An object moving on the x axis with a constant acceleration increases its x coordinate by 161 m in a time of 12.5 s and has a velocity of 20 m/s at the end of this time.
Determine the acceleration of the object
during this motion.
Answer in units of m/s2.
-2 X (161-20 X 12.5) / 12.5^2
=1.139
Well, first of all, let's commend this object for its dedication to increasing its x coordinate by 161 m in just 12.5 seconds. That's some serious commitment to forward motion!

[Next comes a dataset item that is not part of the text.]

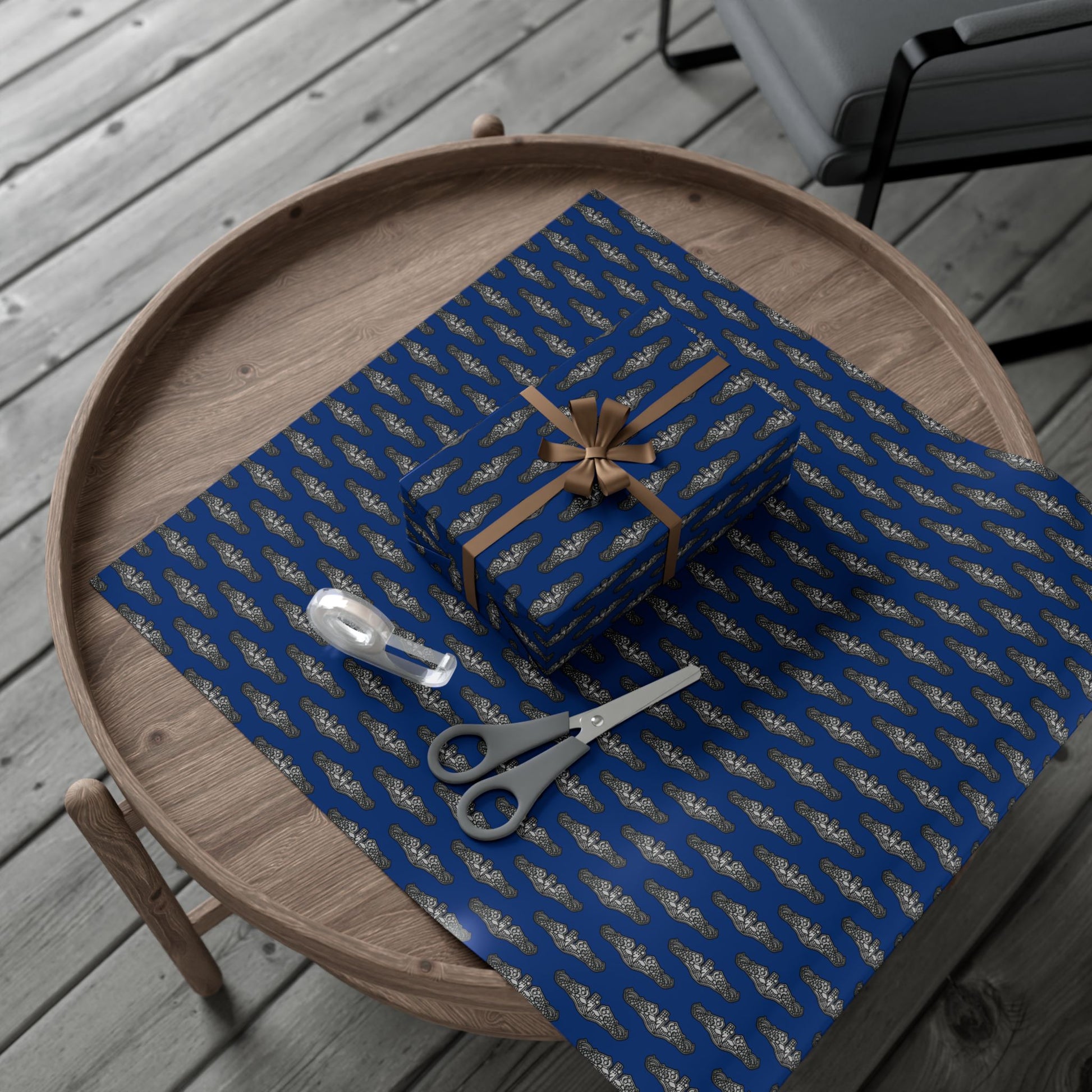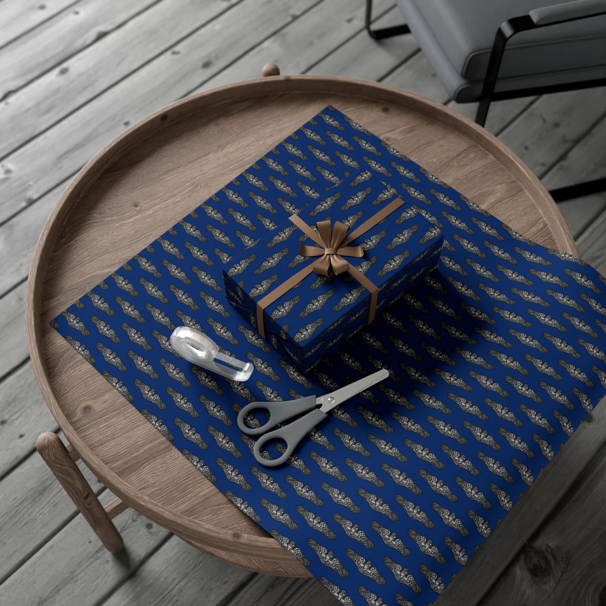 United States Navy Submarine Force Silver Dolphins Blue Gift Wrapping Paper Sheet.

Now, let's get down to business. To determine the acceleration of the object, we can use the kinematic equation:
x = x0 + v0t + (1/2)at^2
Here, x is the final position (161 m), x0 is the initial position (which we don't know yet), v0 is the initial velocity (0 m/s because the object starts from rest), t is the time (12.5 s), and a is the acceleration (what we're trying to find).

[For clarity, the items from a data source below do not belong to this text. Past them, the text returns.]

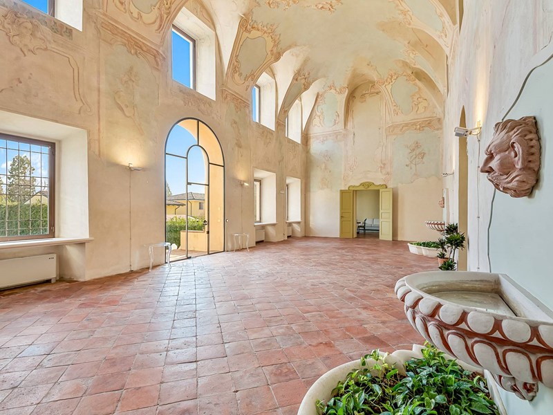 Ogni ambiente della villa offre particolari d'epoca che arricchiscono gli spazi, dai pavimenti lavorati, alle pareti affrescate, alle porte antiche fino alle statue e alle fontane del...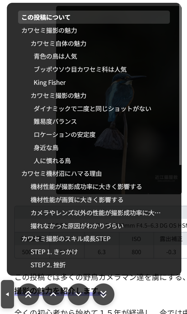 記事に写真を大きめに配置すると、どうしても記事が縦に長くなってしまうので見出しジャンプ機能を追加しました。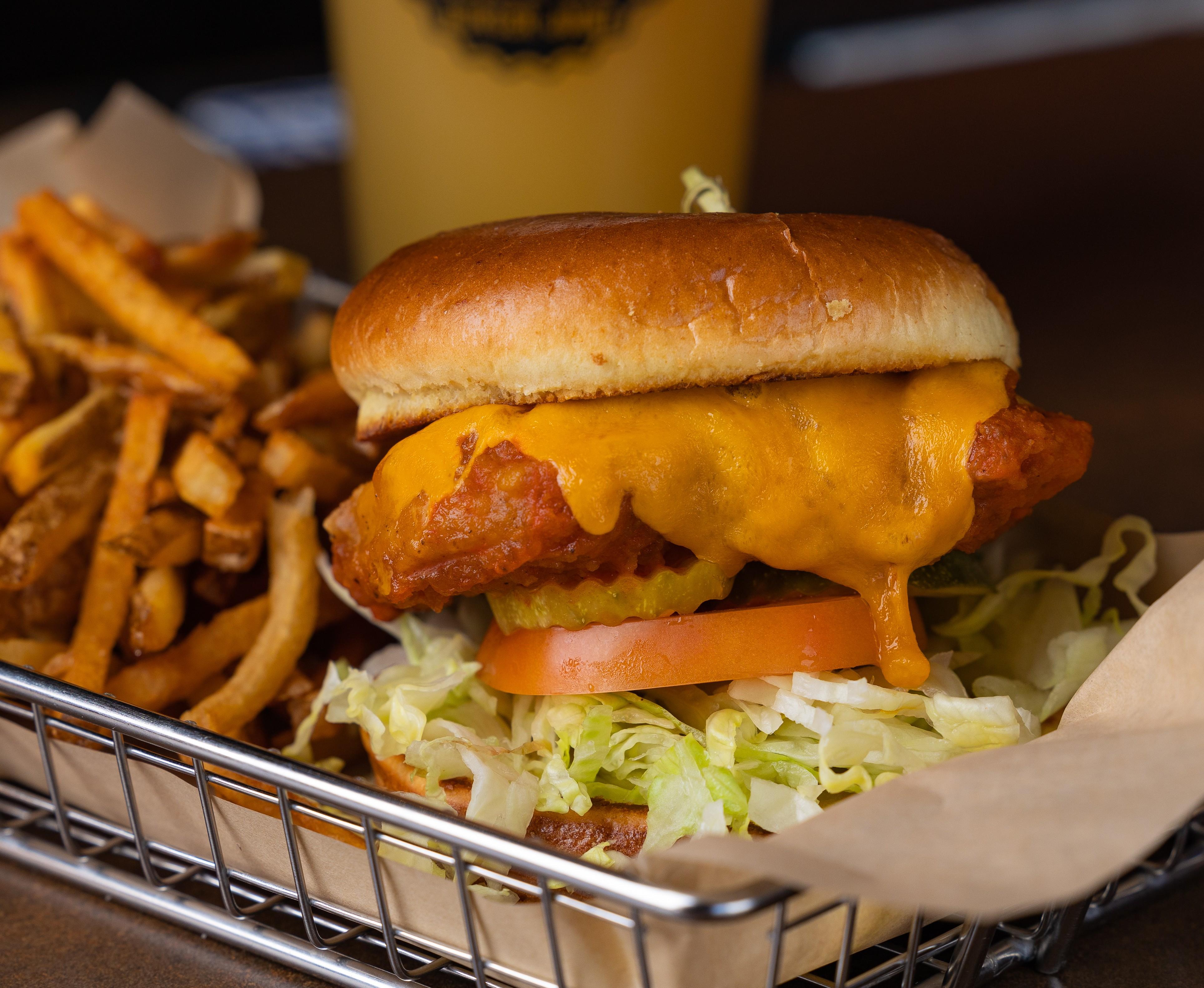 Fried Chicken Patty | PepperJack Cheese | Lettuce | Tomato | Served on a Brioche Bun

Since the object has a velocity of 20 m/s at the end of the 12.5-second time period, we can use that information to find the initial position:
v = v0 + at
20 m/s = 0 m/s + a(12.5 s)
20 m/s = 12.5a m/s^2
Solving for a, we get:
a = 20 m/s / 12.5 s
a ≈ 1.6 m/s^2
So, the acceleration of this object during its motion is approximately 1.6 m/s^2. It's like the object was saying, "I'm going to accelerate just enough to make my x coordinate increase by 161 m in 12.5 seconds. No more, no less!"
To determine the acceleration of the object, we can use the kinematic equation:
x = (1/2)at^2 + v₀t + x₀
where:
- x is the displacement (161 m)
- a is the acceleration (unknown)
- t is the time (12.5 s)
- v₀ is the initial velocity (unknown)
- x₀ is the initial position (assumed to be zero, since the problem does not specify)

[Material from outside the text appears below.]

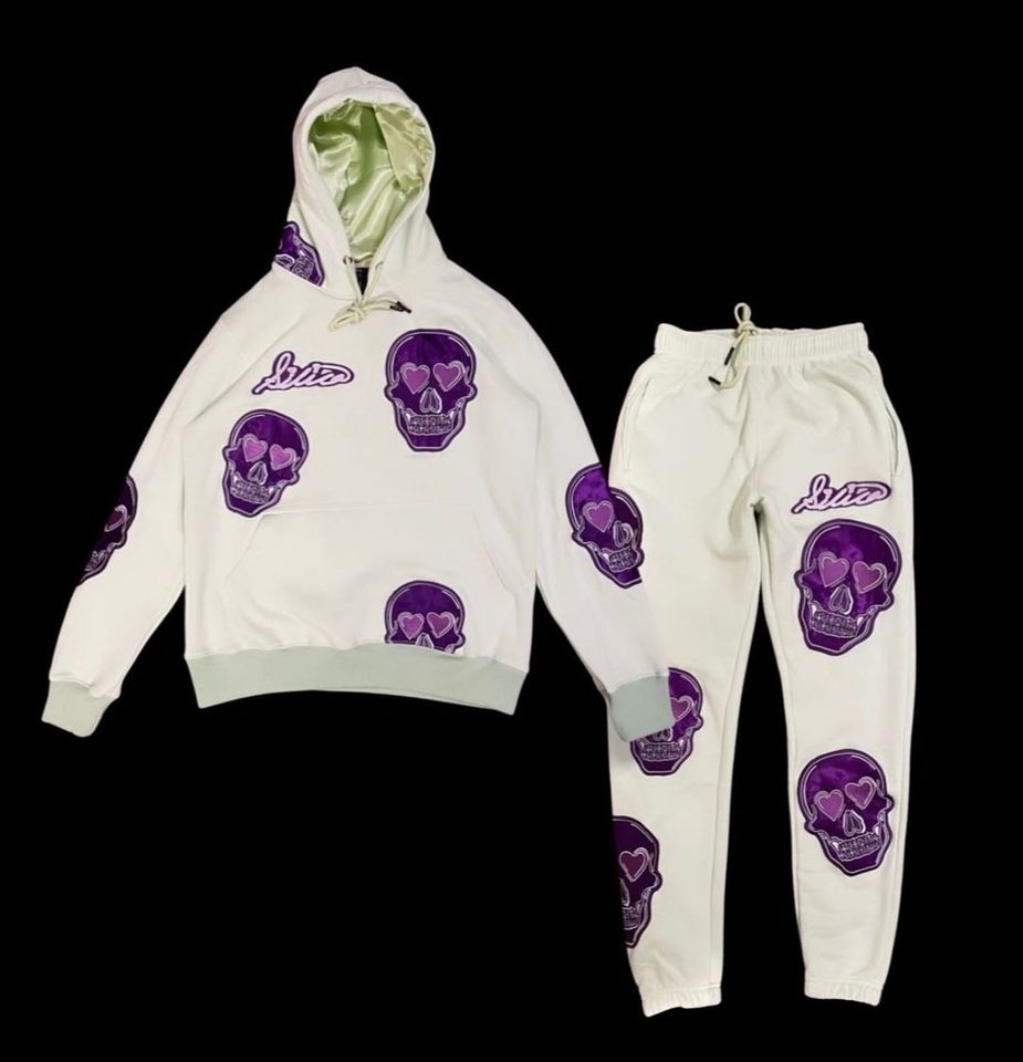 Ensemble de deux pièces de survêtements lourds pour hommes personnalisés par OEM ensembles de pantalons de survêtement avec patch de broderie et de sweat à capuche délavé à l'acide

We are given that v = 20 m/s at t = 12.5 s. This means the object's velocity at the end of this time is 20 m/s. Therefore:
v = v₀ + at
Substituting the given values:
20 = v₀ + a * 12.5
To find the acceleration, we need to solve this equation for a. However, we need the value of v₀ to proceed. To find v₀, we can use the displacement equation:
x = (1/2)at² + v₀t + x₀
Substituting the given values:
161 = (1/2) * a * (12.5)^2 + v₀ * 12.5 + 0
Converting the equation to solve for v₀:
⇒ 20 * 12.5 = (1/2) * a * (12.5)^2 + v₀ * 12.5
⇒ 250 = (1/2) * a * (12.5)^2 + v₀ * 12.5
Now, we have two equations:
20 = v₀ + a * 12.5
250 = (1/2) * a * (12.5)^2 + v₀ * 12.5
We can solve this system of equations to find the values of a and v₀.
To determine the acceleration of the object during this motion, we can use the following kinematic equation:
x = x0 + v0t + (1/2)at^2
where:
x is the final position (161 m)
x0 is the initial position (0 m)
v0 is the initial velocity (unknown)
t is the time (12.5 s)
a is the acceleration (unknown)
We are given the final position (161 m), time (12.5 s), and final velocity (20 m/s).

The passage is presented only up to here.